What is Brain Stimulation?

Brain stimulation refers to the application of electric fields to the brain for therapeutic purposes. As a technique, it dates back to ancient times, when early doctors used electric fish to treat – we presume with limited success – a range of malaises. Today, electrical brain stimulation is widely used in neurology and psychiatry to treat ailments such as Parkison’s, major depression, neuropathic pain and for stroke rehabilitation.

We can distinguish two major branches of electrical brain stimulation: invasive and non-invasive. The latter is also referred to as transcranial stimulation (i.e., “through the skull”).

Invasive methods require the surgical implantation of electrodes, either in contact with the cortex of the brain (electrical cortical stimulation or ECS), or in deeply located selected targets (deep brain stimulation or DBS, used successfully to treat pain, Parkinson’s disease and Dystonia).

On the other hand, non-invasive methods such as transcranial direct current stimulation (tDCS) or transcranial magnetic stimulation (TMS) do not involve any surgical procedures, using scalp electrodes (tDCS) or non-contact methods (TMS) for stimulation. There are trade-offs in using one set of methods vs. the other. Invasive methods may involve more accuracy in stimulating appropriate areas in the brain – including subcortical structures –, while non-invasive methods are more patient-friendly and do not present problems associated to surgery and implants.

Non-invasive brain stimulation methods using weak electric currents, namely tDCS and related techniques (transcranial Alternating Current Stimulation, or tACS, and transcranial Random Noise Stimulation, or tRNS) – all of which we refer to generically as tCS – generate electric fields through the transcranial delivery of weak currents at low frequencies (typically < 1 kHz) resulting in small electric fields in the brain (with amplitudes of about 0.2-2 V/m).

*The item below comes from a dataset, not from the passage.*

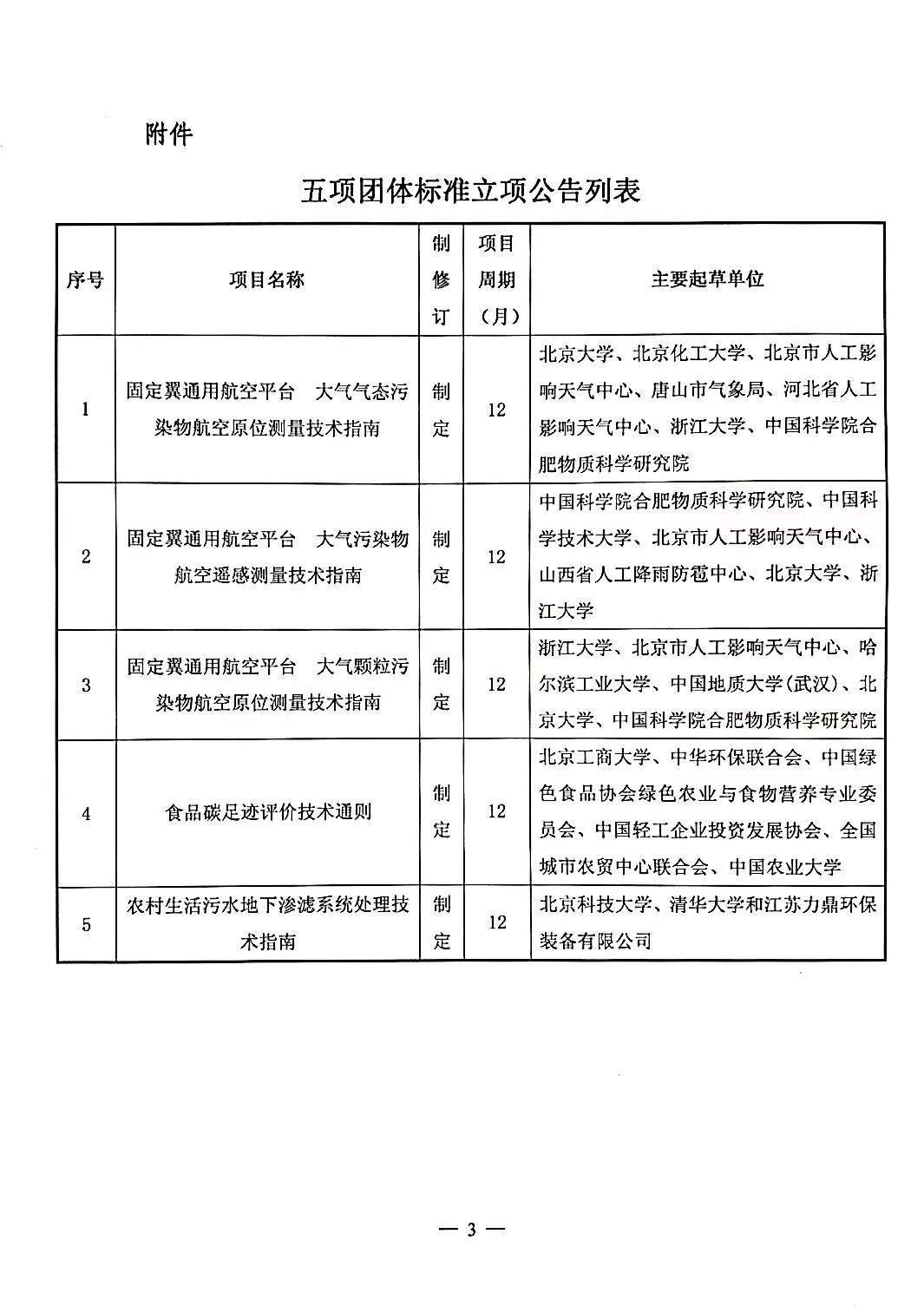 中华环保联合会关于《固定翼通用航空平台 大气气态污染物航空原位测量技术指南》《食品碳足迹评价技术通则》等五项团体标准立项的公告

On the other hand, TMS is based on the application of magnetically mediated strong, short (pulsed), localized electric fields to the cortex, and, unlike tCS, is capable of inducing action potentials – i.e., making neurons fire. Other supra-threshold non-invasive techniques include Transcranial (current) Electrical Stimulation (TES) and Electro-Convulsive Therapy (ECT), both of which involve much stronger currents and electric fields in the brain than tCS.

From work in the last 50 years, we know that sub-threshold weak electric fields, which can hardly alter the function of a single neuron, can have a substantial impact on a network of neurons. The impact is neuromodulatory: adjusting the direction of the current and hence the resulting electric fields, neuronal populations can be made to fire more or less intensely. And, remarkably, these temporary alterations of excitability have an impact on brain connectivity.


While typical experiments with tDCS are designed to elicit a period of effect on the order of tens of minutes following the end of stimulation, it is known that more frequent applications of brain stimulation induce longer-lasting – and therapeutically relevant – effects in the target area. The brain is plastic, and synaptic connections change with time as encapsulated by Hebb’s rule: “When an axon of cell A is near enough to excite a cell B and repeatedly or persistently takes part in firing it, some growth process or metabolic change takes place in one or both cells such that A’s efficiency, as one of the cells firing B, is increased” (Hebb, 1949). Or, stated more simply, “Neurons that fire together, wire together”. When we apply tDCS to some target in the brain, we make a neuronal population more or less excitable. Roughly, the former will favor the establishment of new connections (LTP), the latter their extinction (LTD). Altering brain connectivity is the conduit to treat diseases such as chronic pain and depression or for stroke rehabilitation.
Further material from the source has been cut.